*** Given records ***
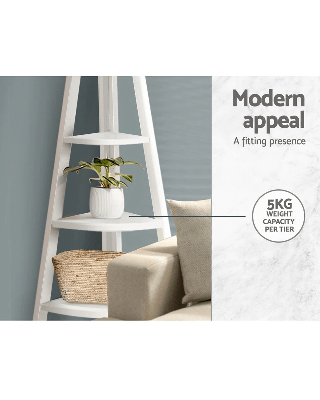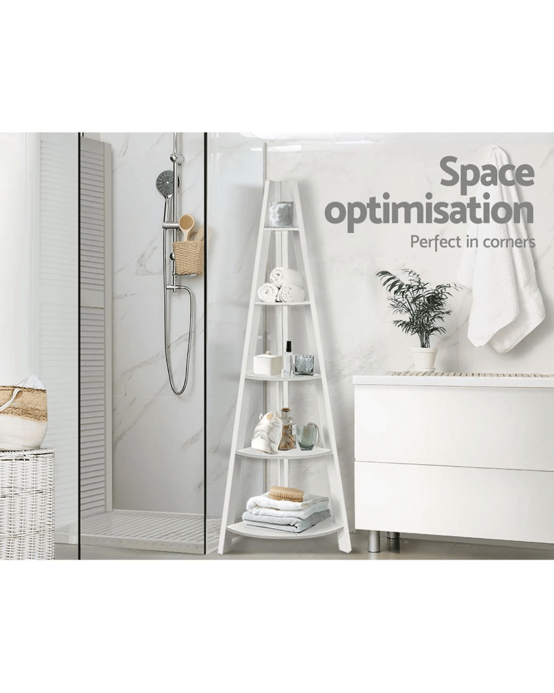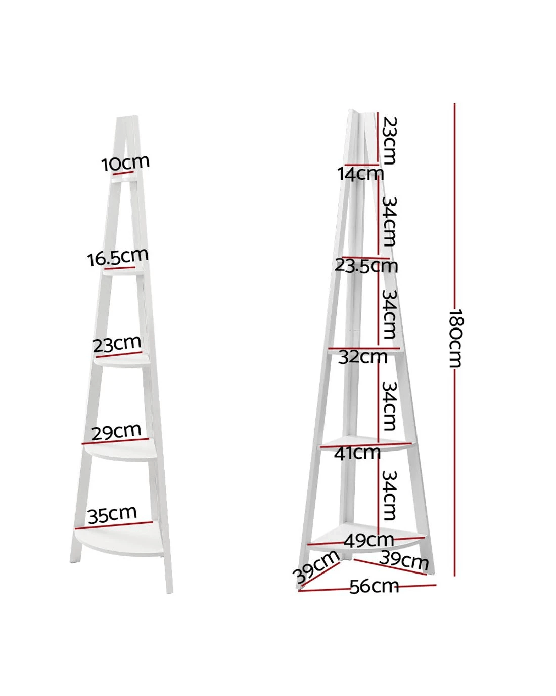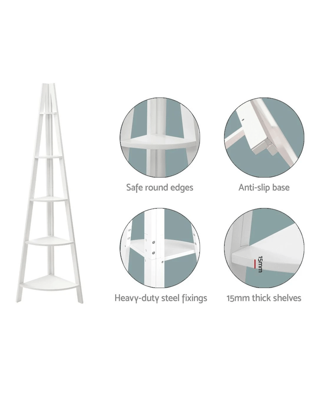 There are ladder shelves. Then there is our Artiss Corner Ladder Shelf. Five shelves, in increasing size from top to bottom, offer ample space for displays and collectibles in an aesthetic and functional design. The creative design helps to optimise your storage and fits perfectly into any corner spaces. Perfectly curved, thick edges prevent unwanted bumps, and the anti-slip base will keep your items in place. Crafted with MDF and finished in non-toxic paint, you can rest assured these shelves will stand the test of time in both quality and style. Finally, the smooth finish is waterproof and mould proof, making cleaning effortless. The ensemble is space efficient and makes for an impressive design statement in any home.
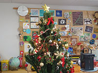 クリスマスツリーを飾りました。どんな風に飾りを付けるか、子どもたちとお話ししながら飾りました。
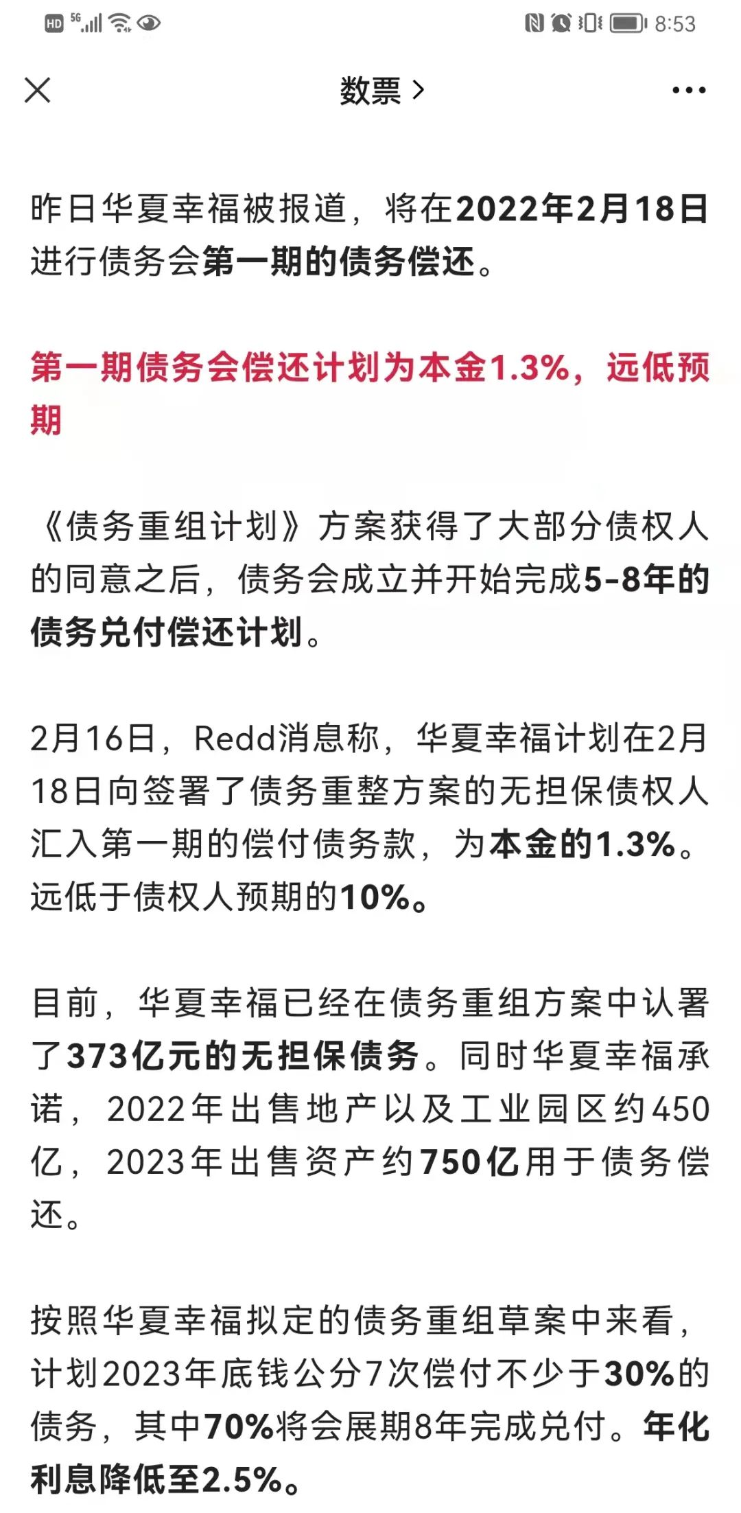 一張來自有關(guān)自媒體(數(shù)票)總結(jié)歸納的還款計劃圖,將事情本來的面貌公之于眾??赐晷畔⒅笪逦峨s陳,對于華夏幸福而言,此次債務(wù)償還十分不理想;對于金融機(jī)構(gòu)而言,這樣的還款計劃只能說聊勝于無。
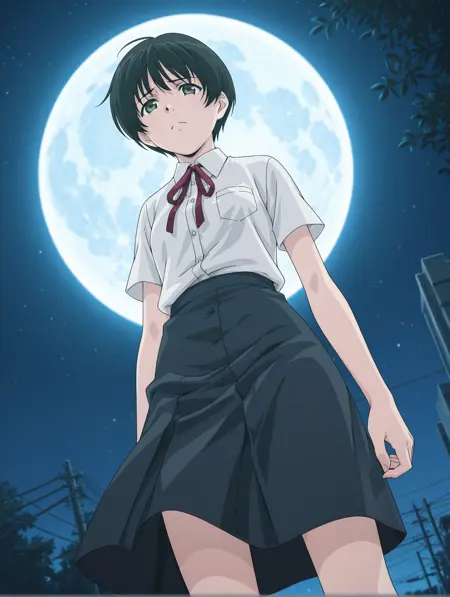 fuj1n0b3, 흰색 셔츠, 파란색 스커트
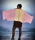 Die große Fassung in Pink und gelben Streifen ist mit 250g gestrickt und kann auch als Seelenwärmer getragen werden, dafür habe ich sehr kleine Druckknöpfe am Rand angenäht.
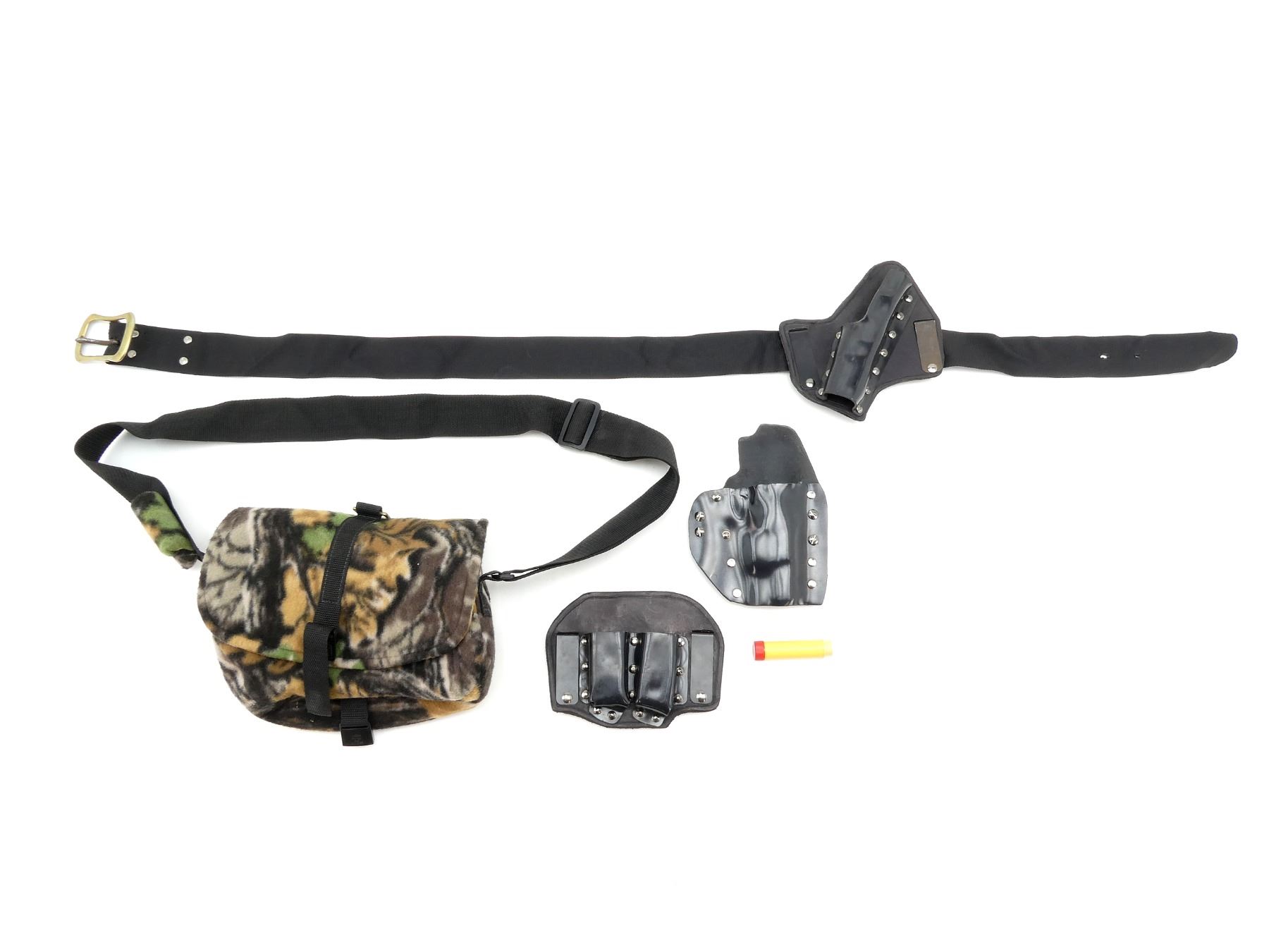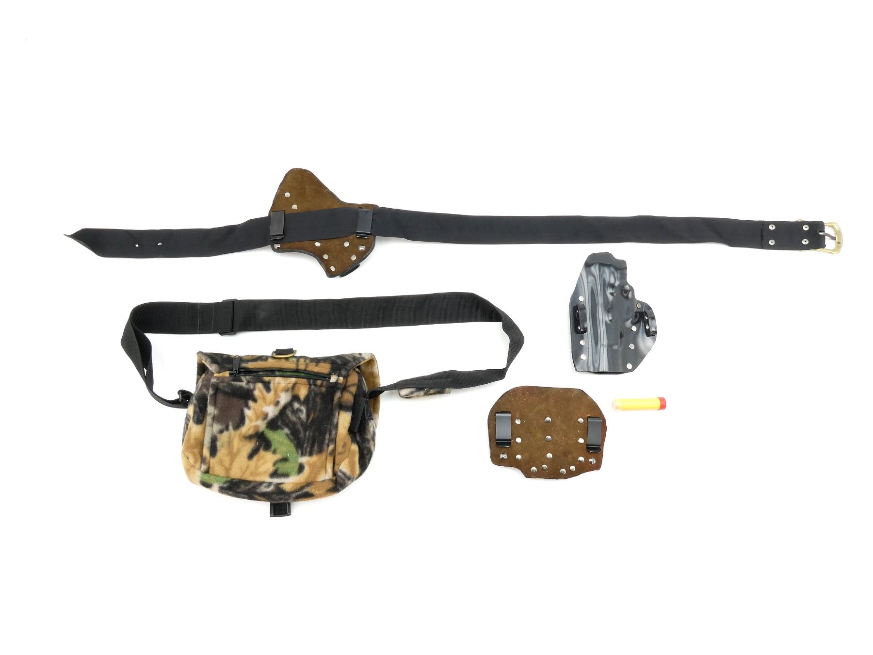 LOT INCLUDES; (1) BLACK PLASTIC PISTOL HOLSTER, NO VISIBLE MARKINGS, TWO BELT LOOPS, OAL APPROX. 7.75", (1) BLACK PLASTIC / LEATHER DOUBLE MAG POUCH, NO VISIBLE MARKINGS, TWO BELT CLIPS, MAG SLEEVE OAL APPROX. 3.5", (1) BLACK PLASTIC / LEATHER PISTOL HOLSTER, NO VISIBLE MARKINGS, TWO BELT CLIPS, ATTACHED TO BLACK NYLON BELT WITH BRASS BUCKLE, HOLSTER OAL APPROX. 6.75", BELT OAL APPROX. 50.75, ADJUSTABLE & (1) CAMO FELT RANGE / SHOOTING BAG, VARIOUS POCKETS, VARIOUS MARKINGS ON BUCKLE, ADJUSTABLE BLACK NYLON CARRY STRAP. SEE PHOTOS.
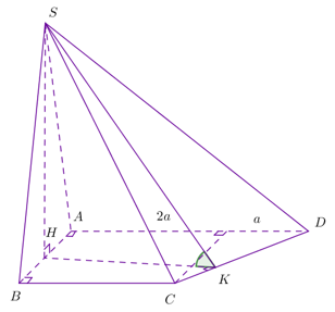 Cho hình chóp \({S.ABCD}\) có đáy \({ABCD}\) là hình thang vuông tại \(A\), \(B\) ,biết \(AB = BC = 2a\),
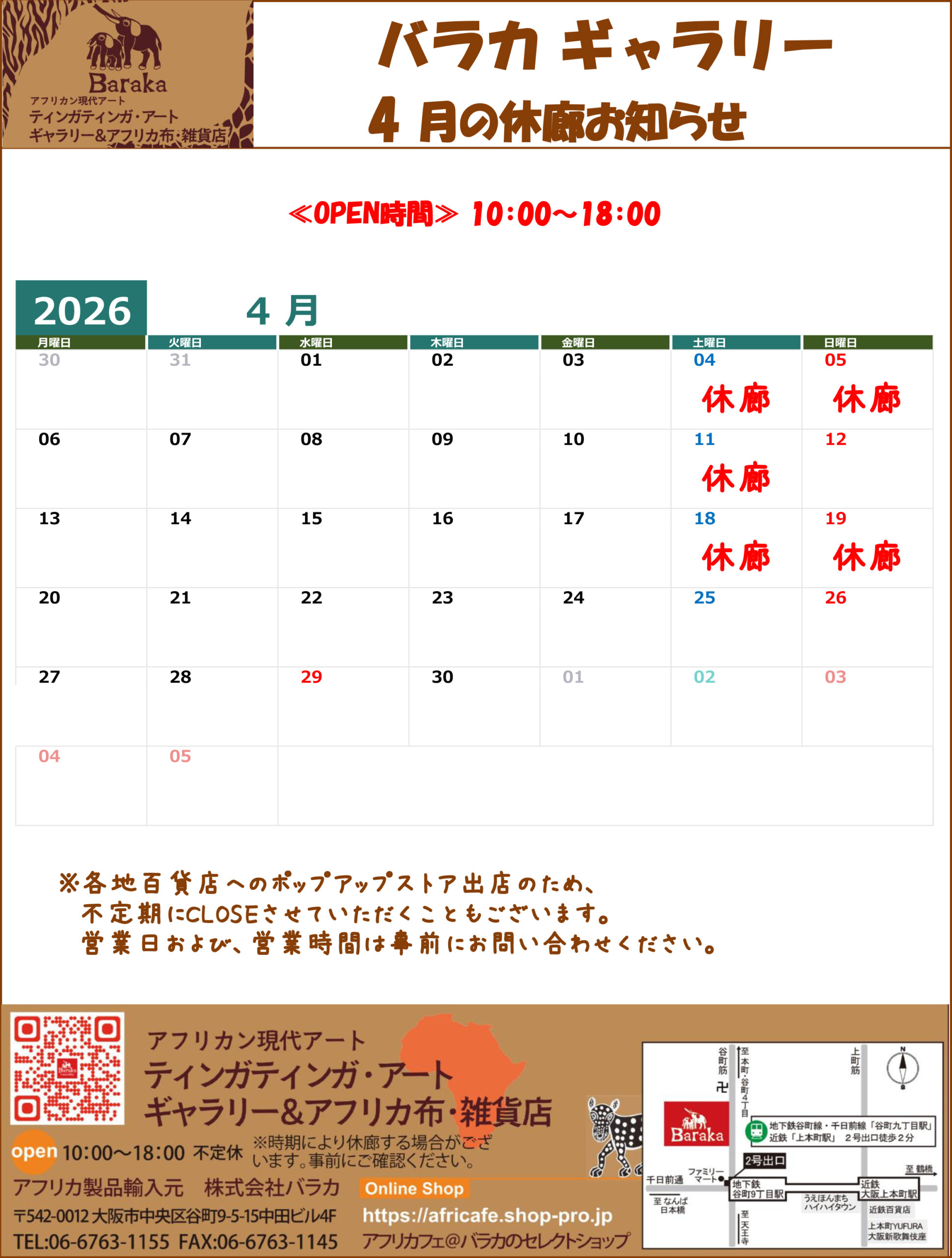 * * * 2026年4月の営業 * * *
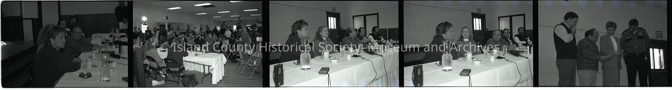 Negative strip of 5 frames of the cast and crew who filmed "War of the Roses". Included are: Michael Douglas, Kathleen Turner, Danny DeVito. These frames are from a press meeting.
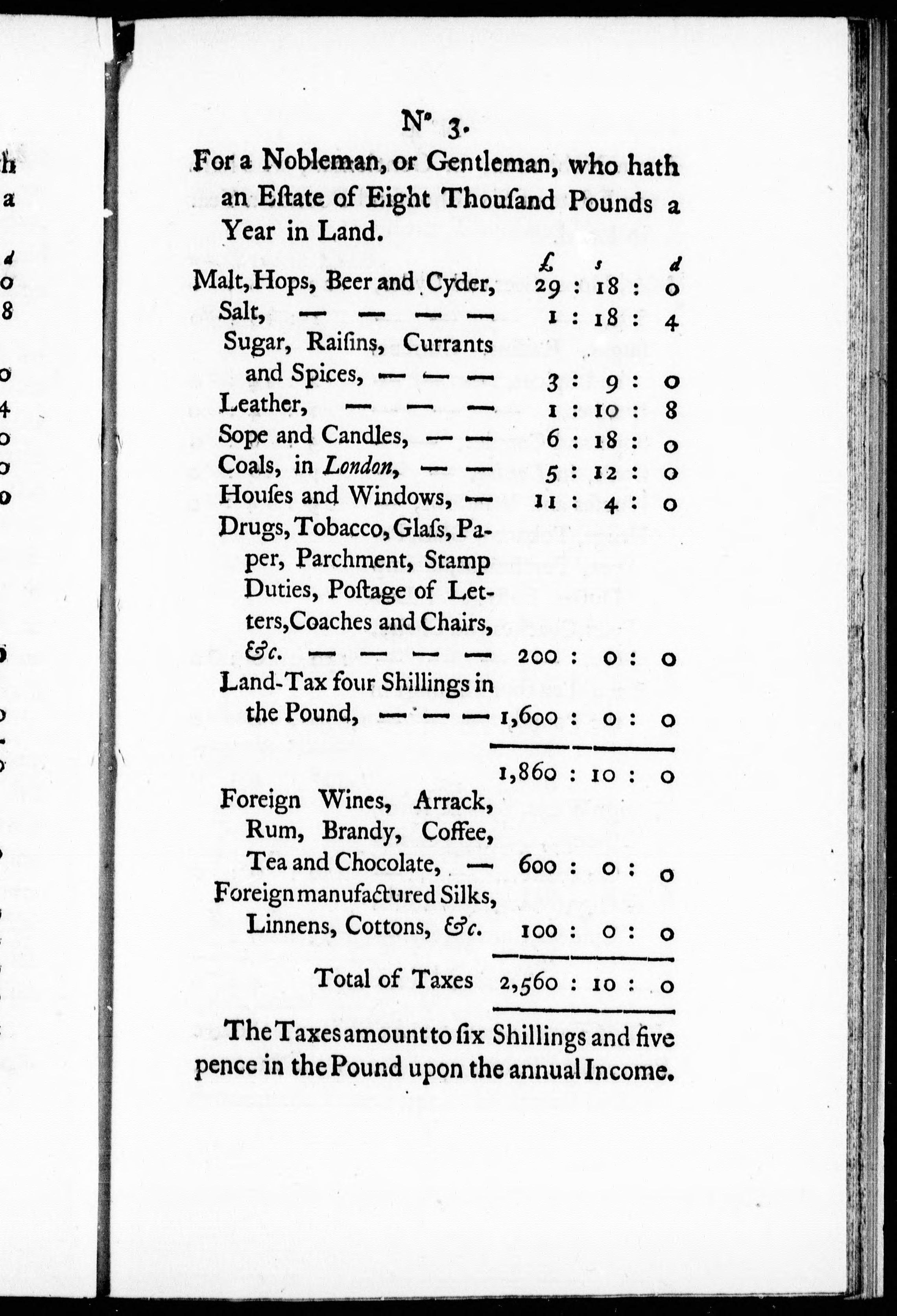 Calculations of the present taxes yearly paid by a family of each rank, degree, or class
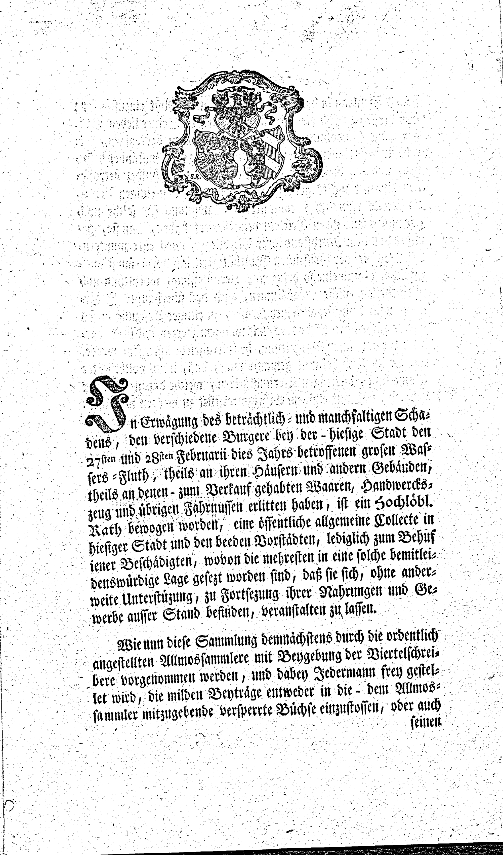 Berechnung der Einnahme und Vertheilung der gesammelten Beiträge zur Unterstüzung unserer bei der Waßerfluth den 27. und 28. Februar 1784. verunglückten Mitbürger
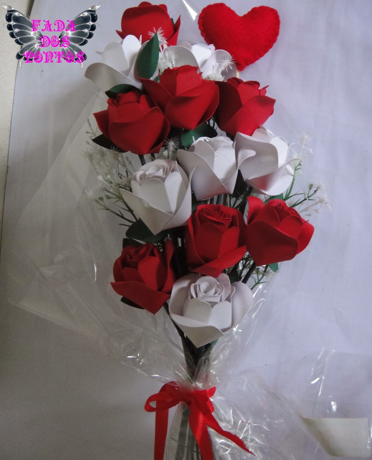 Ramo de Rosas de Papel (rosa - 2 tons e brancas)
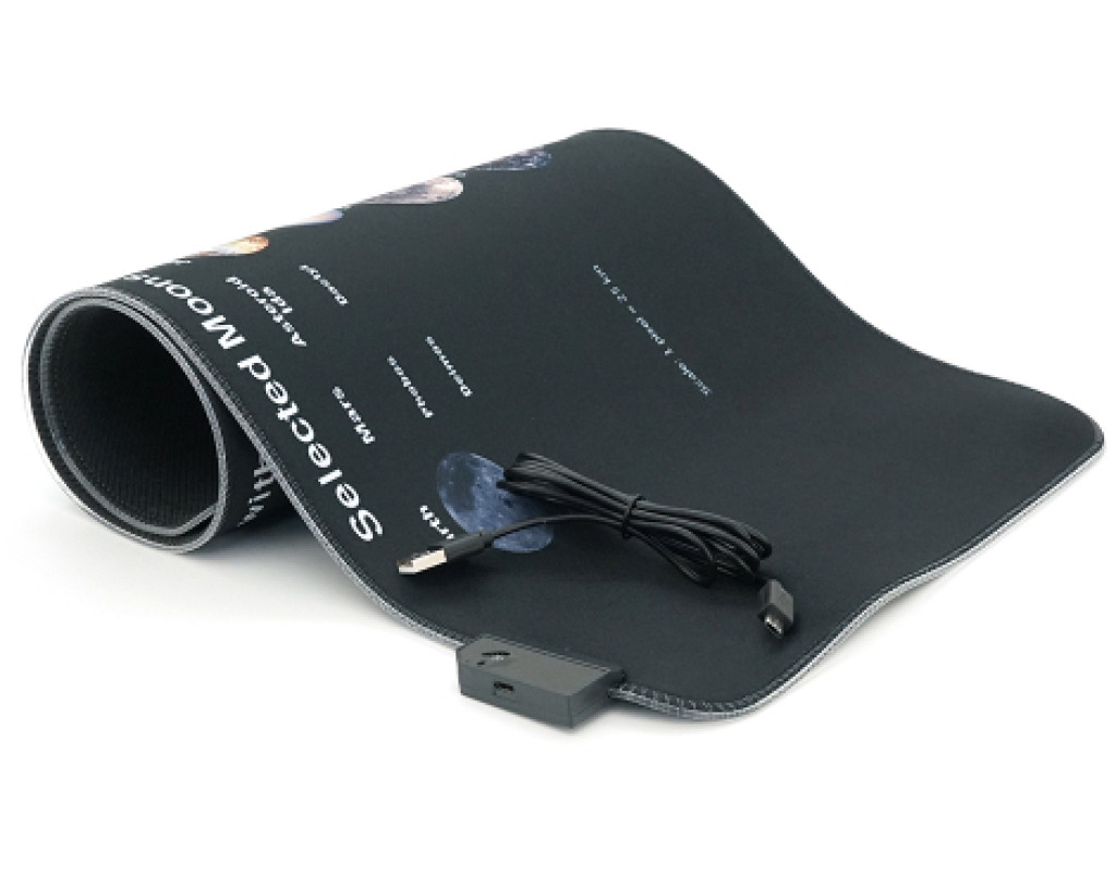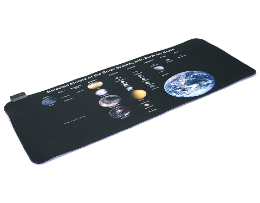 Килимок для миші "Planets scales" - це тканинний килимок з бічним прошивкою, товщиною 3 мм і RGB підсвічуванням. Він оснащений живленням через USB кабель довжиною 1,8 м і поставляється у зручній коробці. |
*** End of Given records ***
(Directions):
Once the line with "クリスマスツリーを飾りました" is found above, print it and every line after it through the line with "Calculations of the", exactly. Pictures stay out.

(Answer to the exercise):
 クリスマスツリーを飾りました。どんな風に飾りを付けるか、子どもたちとお話ししながら飾りました。
 一張來自有關(guān)自媒體(數(shù)票)總結(jié)歸納的還款計劃圖,將事情本來的面貌公之于眾??赐晷畔⒅笪逦峨s陳,對于華夏幸福而言,此次債務(wù)償還十分不理想;對于金融機(jī)構(gòu)而言,這樣的還款計劃只能說聊勝于無。
 fuj1n0b3, 흰색 셔츠, 파란색 스커트
 Die große Fassung in Pink und gelben Streifen ist mit 250g gestrickt und kann auch als Seelenwärmer getragen werden, dafür habe ich sehr kleine Druckknöpfe am Rand angenäht.
 LOT INCLUDES; (1) BLACK PLASTIC PISTOL HOLSTER, NO VISIBLE MARKINGS, TWO BELT LOOPS, OAL APPROX. 7.75", (1) BLACK PLASTIC / LEATHER DOUBLE MAG POUCH, NO VISIBLE MARKINGS, TWO BELT CLIPS, MAG SLEEVE OAL APPROX. 3.5", (1) BLACK PLASTIC / LEATHER PISTOL HOLSTER, NO VISIBLE MARKINGS, TWO BELT CLIPS, ATTACHED TO BLACK NYLON BELT WITH BRASS BUCKLE, HOLSTER OAL APPROX. 6.75", BELT OAL APPROX. 50.75, ADJUSTABLE & (1) CAMO FELT RANGE / SHOOTING BAG, VARIOUS POCKETS, VARIOUS MARKINGS ON BUCKLE, ADJUSTABLE BLACK NYLON CARRY STRAP. SEE PHOTOS.
 Cho hình chóp \({S.ABCD}\) có đáy \({ABCD}\) là hình thang vuông tại \(A\), \(B\) ,biết \(AB = BC = 2a\),
 * * * 2026年4月の営業 * * *
 Negative strip of 5 frames of the cast and crew who filmed "War of the Roses". Included are: Michael Douglas, Kathleen Turner, Danny DeVito. These frames are from a press meeting.
 Calculations of the present taxes yearly paid by a family of each rank, degree, or class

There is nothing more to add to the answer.